Even if you don't agree with Dana Gioia's premise, that San Francisco "lacks a vital and complete literary milieu," you'd still have to concede that "Fallen Western Star" is a brilliant, engaging essay. You may or may not agree with Gioia's conclusion that New York City is the literary center for book promotions, journals, free-lance writers and advertisement, nevertheless—"Fallen Western Star" is an impressive assessment of northern California's literary history of poetry. The fact that Dana Gioia's essay became a controversial subject the minute it appeared in The Hungry Mind Review (renamed Ruminator Review)—is, in my opinion, a good thing. In order to stir things up, you have to be an exceptionally good writer.  So once again, Dana Gioia has driven the literary community (at least in the Bay area) crazy. In this sense, I see Gioia as our community "gadfly" that provokes thought—he targets writers where it stings the most: right at their egos.

On the other side of the argument, Richard Silberg, associate editor of Poetry Flash, was one of the first Bay Area writers to disagree with Gioia's criticism of the cultural landscape of San Francisco, which Gioia believes is on the decline. Silberg writes in Poetry Flash (May June 2000):

"Diversity is one key to the vibrancy of the Bay Area. It's obstreperous, experimental, so many poets hitting on so many other poets, trading or butting ideas. With the partial exception of New York School, every kind of poetry is happening out here, mainline, academic, Language, postmodern, New Formalist, rap, slam. Gioia, however, seems to have a definite program for Bay Area poetry…"

In either case, Gioia's "Fallen Western Star" is an example of narrative writing at its best. I enjoyed the way Gioia described the history of San Francisco's writers and musicians from post World War II jazz musicians to Robinson Jeffers.

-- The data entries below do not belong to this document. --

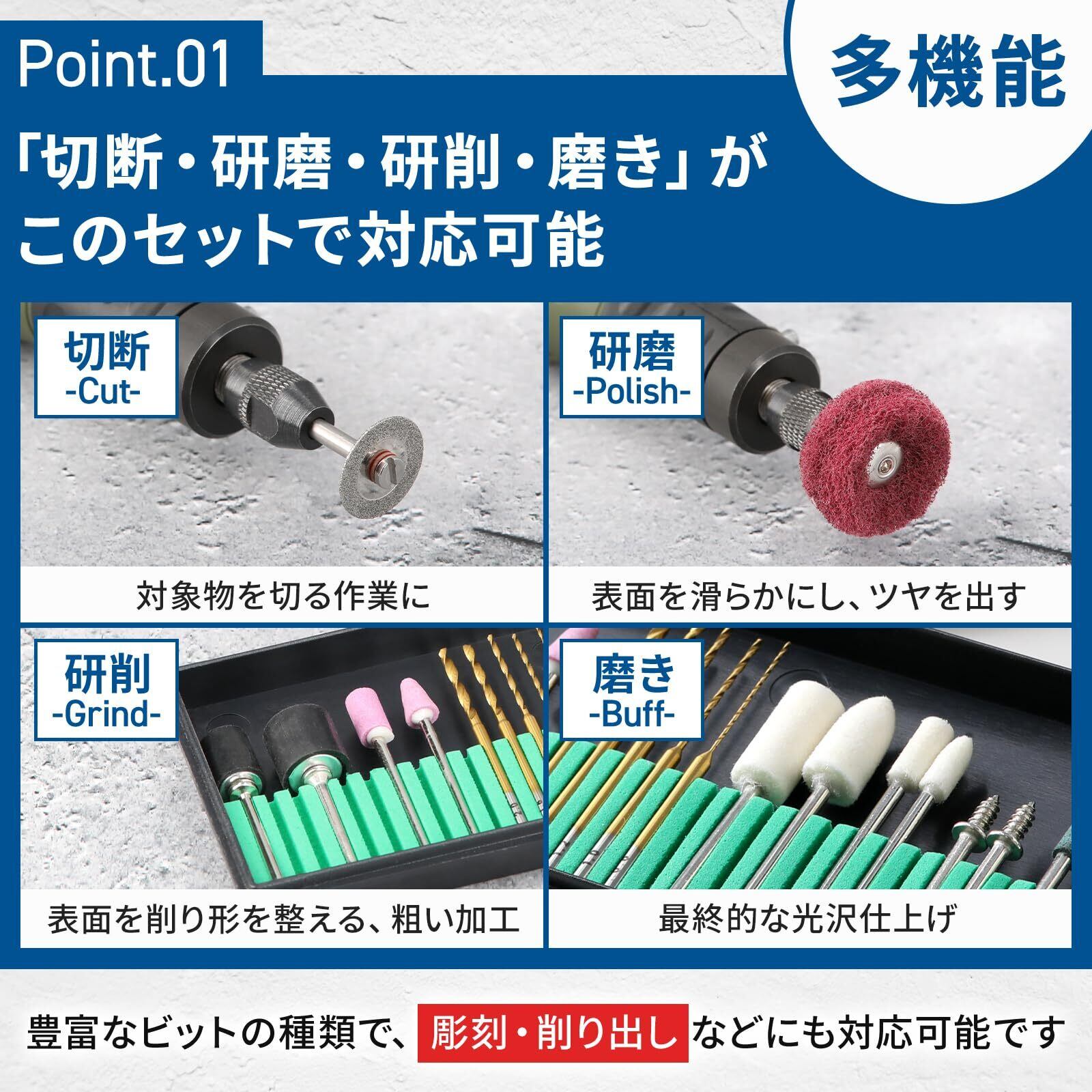 【切る・削る・磨くが全部できる!】このビットセットひとつで、切断・研磨・研削・バフが思いのまま。硬い素材も柔らかい素材も、思いどおりに加工できるからDIYの可能性が無限に広がります。ビットの種類は51種、内容量は驚きの303個!工作・ホビー・補修など、あらゆるシーンで活躍します。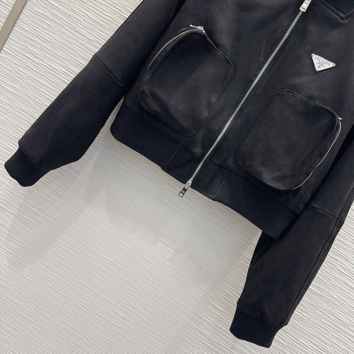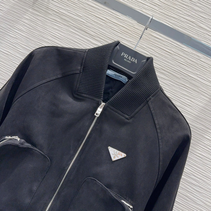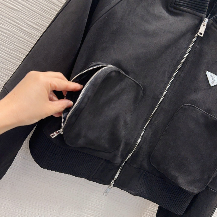 全商品を表示する:プラダ PRADA 2025年新作 スエード ジップジャケット ショートコート ロングスリーブ アウターコート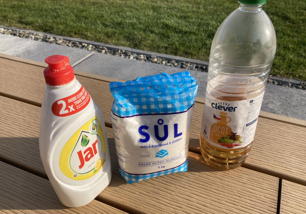 Do wykonania środka będziesz potrzebować także butelki z rozpylaczem. Składniki te są niedrogie, a ich mieszanka wystarcza na cały ogród. Proces przygotowania jest niezwykle prosty. Wsyp sól do pojemnika, dodaj ocet i połącz je razem. Pozostaw na około godzinę, aby sól całkowicie się rozpuściła. Następnie dodaj detergent do naczyń i dokładnie wymieszaj wszystkie składniki. Po wymieszaniu, środek jest gotowy do użycia w atomizerze.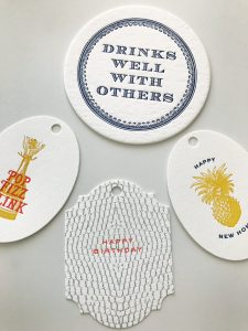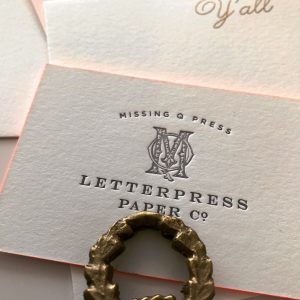 While the same beloved MissingQ services are offered — graphic design, custom invitations and stationery, monogramming, letterpress printing, and engraving — the space will now play host to private Letterpress Parties, where one can sip champagne and customize one’s own calling cards, tags, coasters, and more.
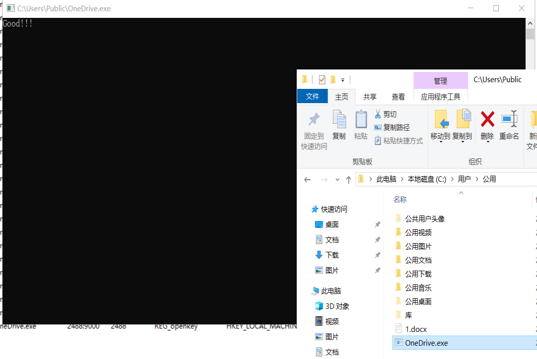 OneDrive.exe 直接运行后会有一个 cmd 窗口输出 Good!!!
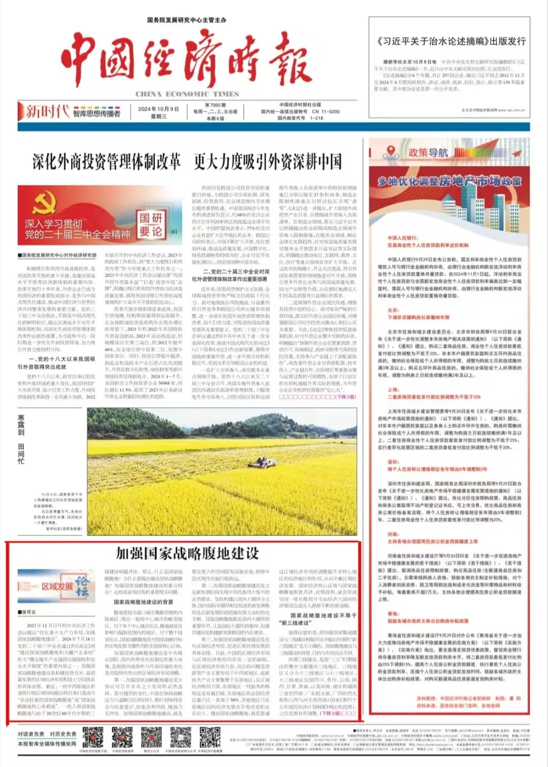加强国家战略腹地建设,就是要通过优化重大生产力布局打造与经济核心区域相呼应的经济发展新空间,通过优化新质生产力布局打造国家发展的新增长极并优化战略性新兴产业与未来产业的空间分布,通过产业转移构建优势互补、高质量发展的区域经济布局和国土空间体系。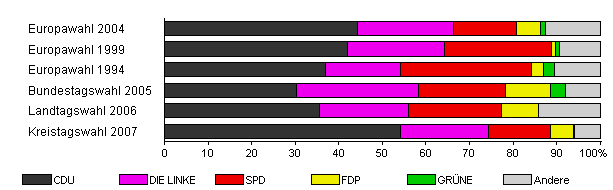 | Kreistagswahl 2007 | 29,0 | 54,2 | 20,1 | 14,3 | 5,3 | 0,3 | 5,8 | |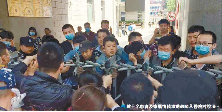 到了11点40分左右,数十名患者及家属情绪激动,齐聚医院大门处,想闯入里面找院方讨说法未果。冲突中,医院伸缩门部分受损,随后被民警制止。院方工作人员称,目前有多个调查组正在医院调查,还没有定性,具体什麽时候给结果他们也不确定,其他不便回应。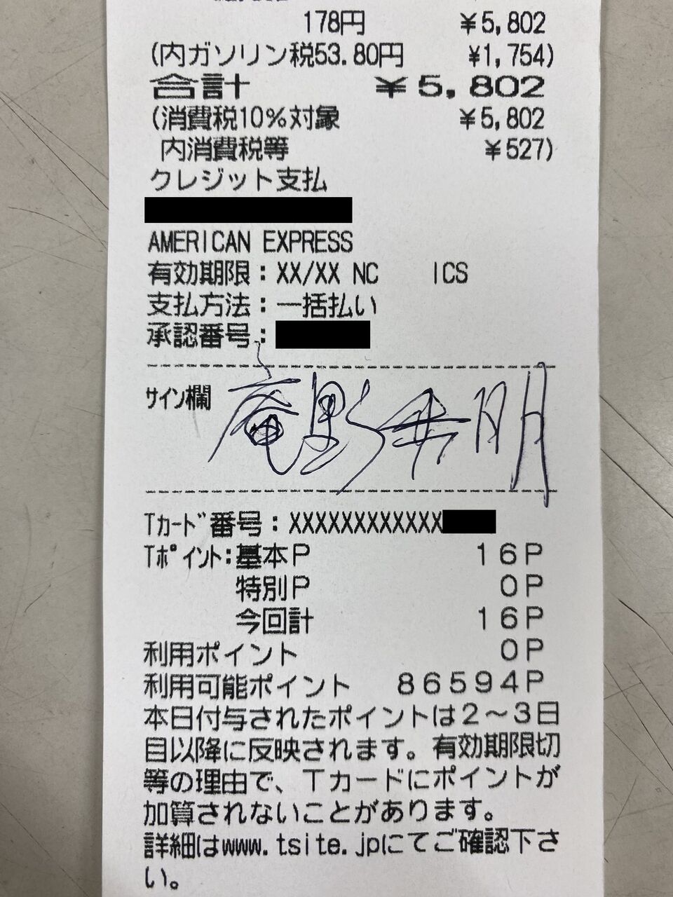 1万円未満のガソリン程度でサイン必要か??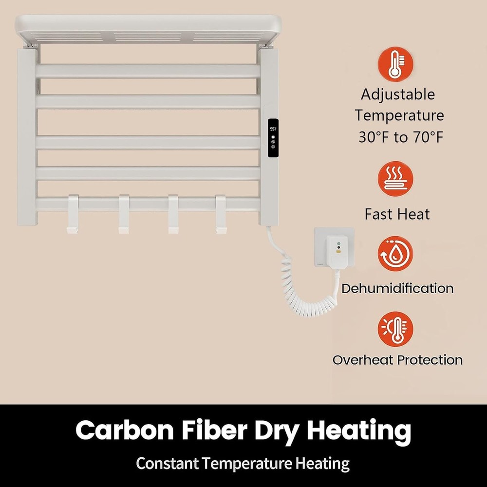 Xrrxy Wall Mounted Heated Towel Rack for Bathroom, IPX5 Waterproof White Product Details Product Dimensions: 8.66 x 21.65 x 15.75 inches Item Weight: 6.16 pounds Manufacturer: Xrrxy Country of Origin: China Item model number: 66338430-WHITE Color: White Brand: Xrrxy Shape: Square Item Weight: 2.8 Kilograms Advanced Towel Warmer Rack:Our wall mounted towel warmer constructed from robust aluminum alloy with IPV5 waterproof design, The built in thermostat ensures secure temperature control for optimal energy efficienc. Smart Touchscreen Control : The user-friendly touchscreen allows effortless customization of the heating experience. One key switch, Adjust the temperature from 30° to 70°, with the freedom to choose heating times from 1 to 9 hours, bidding farewell to cold, damp towels Design Concept: The rack is designed to quickly dry towels while maintaining warm temperatures. Available in 3 Color (Black , Gray , White), it meets the needs of different family sizes. The style is classic and suitable for modern bathrooms and any space requiring towel drying. Special Notice: This product is designed for drying and mild warming. Meaning it can efficiently drying towels and maintaining towels at warm temperatures. Please note that it is not designed to make towels reach very hot temperatures like towel warmer bucket can get. Easy Installation:Install in minutes—no drilling or professional help needed! Enjoy hassle-free setup with our innovative, tool-free design.
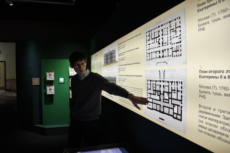 На выставке впервые экспонируется уникальный комплекс чертежей екатерининского дворца, который так и не был построен. Также здесь представлены подлинные документы, рассказывающие о достижениях во внутренней и внешней политике, которые отразились на художественных вкусах, праздничной и повседневной культуре императорского двора.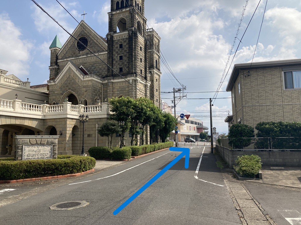 ファミリーマート(妻ヶ丘店)の交差点を「左」に曲がります。

And although Silberg didn't particularly care for Gioia's selections, such as Markham's "The Man with the Hoe", Gioia's description of how that poem became internationally famous is fascinating:

"Newspapers were the Internet of the nineteenth century—a decentralized information system—and "The Man with the Hoe" was reprinted from paper to paper first across the United States and then abroad. Translated into more than forty languages, it was eventually republished in ten thousand newspapers and magazines. In the early twentieth century there was no more famous American poem than Markham's. The poet became an international celebrity, and the poem served as a literary call to arms for the labor movement—all of which began with the San Francisco Examiner." According to Gioia, in those days, 1899, San Francisco was, as Jack Foley put it, the "powerful western star" of American literature.

I happened to catch Michael Kinsley one morning, editor of Slate.com, on C-SPAN's Washington Journal, address the question on how an editor selects material for publication. To paraphrase Mr. Kinsley, he said that you don't want commentaries that leave nothing to the imagination. You want to publish work that is controversial—otherwise, people will think it's boring.

Gioia's opinions may anger a good number of writers and readers, but the last thing they could ever say about his work is that it leaves nothing to the imagination or that it is boring.

Interestingly enough, Gioia suggests that the Bay writers have gone soft in this respect—as if our culture were an extension of the mild weather, and the Starbuck scene of suburbanite social gatherings. The days of "literary feuds and rivalry," wrote Gioia, "the necessary friction of cultural life," has all but disappeared in northern California. I'm not sure if that's true, but in any event, I think Gioia raises an important question on whether or not San Francisco can compete, as a literary region, with New York City.